▶ [Exercise requirements]:
Look below for the line with "Email: contact@prestadiam.fr |"; begin the copy there and stop after the line with "Shahjahanpur (65 km)", keeping the text exact and the pictures out.
*** Source material Section Begins ***
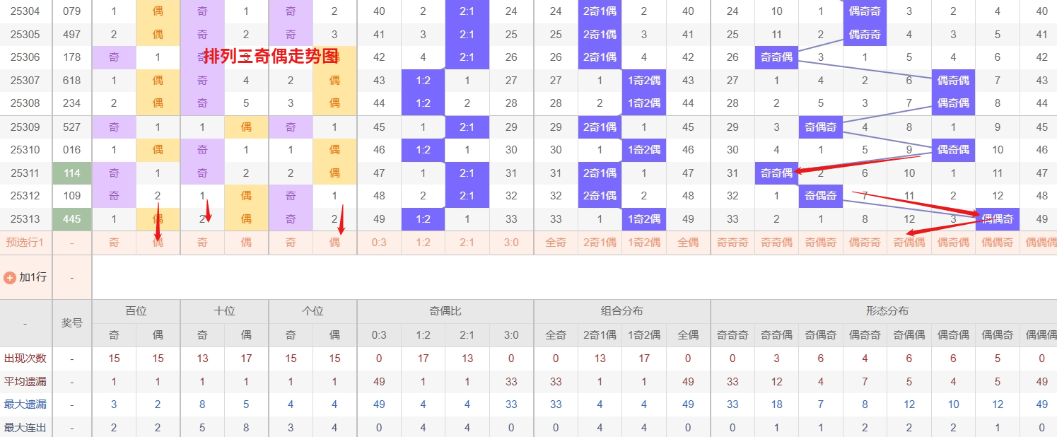 排列三 奇偶分析:从上图可以看出排列三100期内百位奇偶比约为52比48,十位奇偶比为46比54,个位奇偶比为47比53,百位的比值比较均衡,但是十位的比值偏差就有点大,历史奇偶形态近2期开出偶偶奇后下一期的走势为,第234期开出偶偶奇后235期开奇偶偶, 第248期开出偶偶奇后第249期开偶偶偶,第253期开出偶偶奇后第254期开奇奇奇,排列三近期的奇偶走势分析,呈现出明显的“冷热分化”格局。一方面,“奇偶偶”作为当前的热门形态,其强劲的势头尚未减弱,存在连续开出的可能性,应作为重点关注对象。另一方面,须警惕极端形态的回补,“奇奇奇”已遗漏长达33期,而更为冰冷的“偶偶偶”更是长达49期未见踪影,这两种全奇或全偶的组合其理论上的开出概率正在急剧累积,冷到极致必然转热,随时可能破冰而出。因此,在当前的选号策略上,我们既要顺势而为跟进热号,更要对这些深冷形态严加防范,所以排列三2025314期奇偶形态推奇偶偶与奇奇奇。本文由彩虹多多钱是生命动力所著,请勿转载
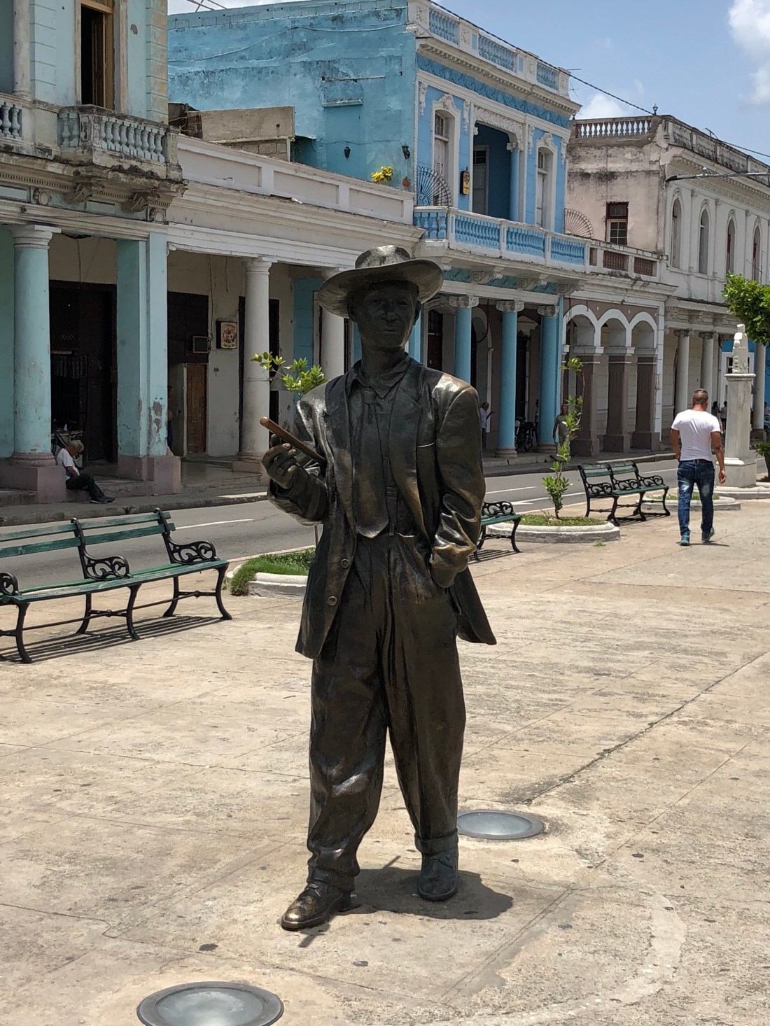This is a harbor town predominantly for oil imports, which Cuba then sells onto other Caribbean Islands for a handsome profit – Communism at its best. We then wandered through the town, here was the first evidence of shops ‘as we know them’. It is also an arty area and they are proud of their statue of Benny Moreno in the main road. After an extremely hot walk along the waterfront back to our taxi we had a pleasant 2 hour scenic drive into Trinidad, with views of the Sierra del Escambray, Cuba’s second largest mountain range, on the left the Caribbean Sea on the right.
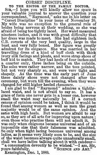 | Keywords: TheFamilyDoctorDec21 1889page267.png <center>CORSET DISCIPLINE <br>TO THE EDITOR OF THE FAMILY DOCTOR </center> SIR --I hope you will kindly allow me space in your valuable journal to answer the question your correspondent Raymond asks me in his letter on Corset Discipline in your issue of November 30 My wife was no exception to the general rule of brides being nervous at their wedding so she was afraid of being too tightly laced Her waist measured nineteen inches and it was with great difficulty that her dress was made to meet She had eighteen inch C B corsets of the very best quality large in the bust and very fully boned Her figure was greatly admired for its elegance She was married in her travelling dress of a kind of buff cloth with thick ivory silk facings and pleats and wove strap shoes of buff kid to match They had heels of four inches and a quarter only three inches being on the outside The soles were rather narrow and the toes pointed but not very sharply so and were very tight and shapely As the time was the early part of June these dainty shoes were not changed after the ceremony but worn till the evening when they were changed for still higher heeled chaussure I am glad to find Raymond admires a tightlylaced waist and is not afraid to say so It has a grace of form one never gets in a looser One however small the waist may naturally be If a correct census of opinion could be taken I think it would be found that among women as well as men the great majority would be of the same opinion And the same with high heels But women are afraud to say so as they are of all arts for improving upon nature ; even those who practise them will not admit it It was only when chignons became universal and of an impossible size that their falseness was admitted So only when tight lacing becomes universal among ladies as it seems very likely soon to be and the size of the waist becomes always quite unnaturally small shall we have ladies talking-about it with candour-- a consumation devoutly to be wished --I am Sir yours faithfully SCIENCE AND ART Kensington Dec It 1889 to Raymond ; from Science and Art PD-Art Tightlacing The Family Doctor 1889 Women in corsets Artworks missing infobox template |
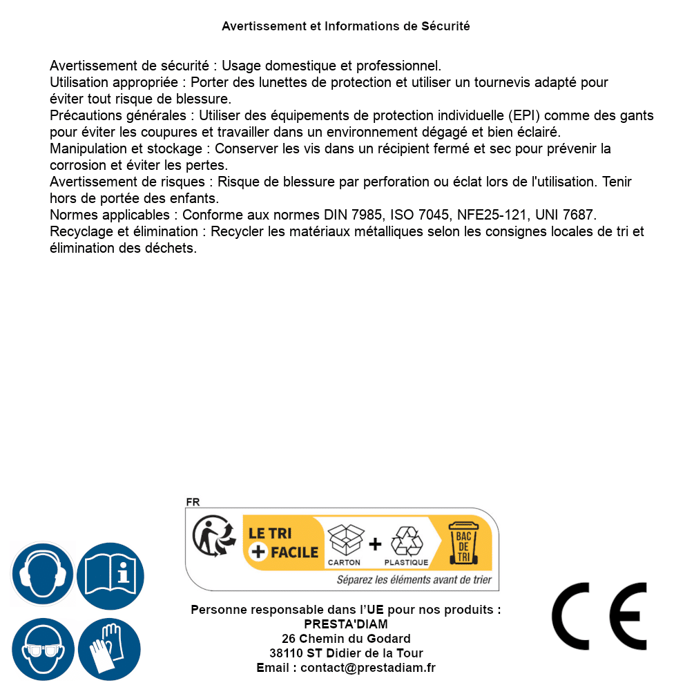 | Verantwortliche Person EU | PRESTA'DIAM 26 Chemin du Godard 38110 ST Didier de la Tour Email: contact@prestadiam.fr |
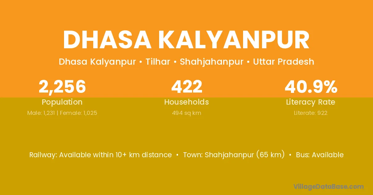 Shahjahanpur (65 km) is the nearest town to Dhasa Kalyanpur village for major economic activities and is located approximately 65 km away.
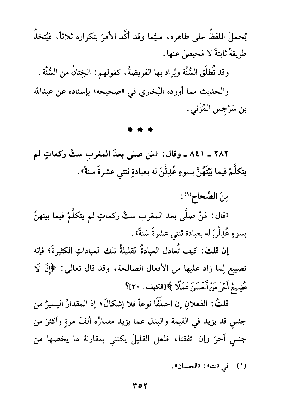 282 - 841 - وقال: " من صلى بعد المغرب ست ركعات لم يتكلم فيما بينهن بسوء عدلن له بعبادة ثنتي عشرة سنة ".
*** Source material Section Ends ***
▶ [Response to this exercise]:
 | Verantwortliche Person EU | PRESTA'DIAM 26 Chemin du Godard 38110 ST Didier de la Tour Email: contact@prestadiam.fr |
 Shahjahanpur (65 km) is the nearest town to Dhasa Kalyanpur village for major economic activities and is located approximately 65 km away.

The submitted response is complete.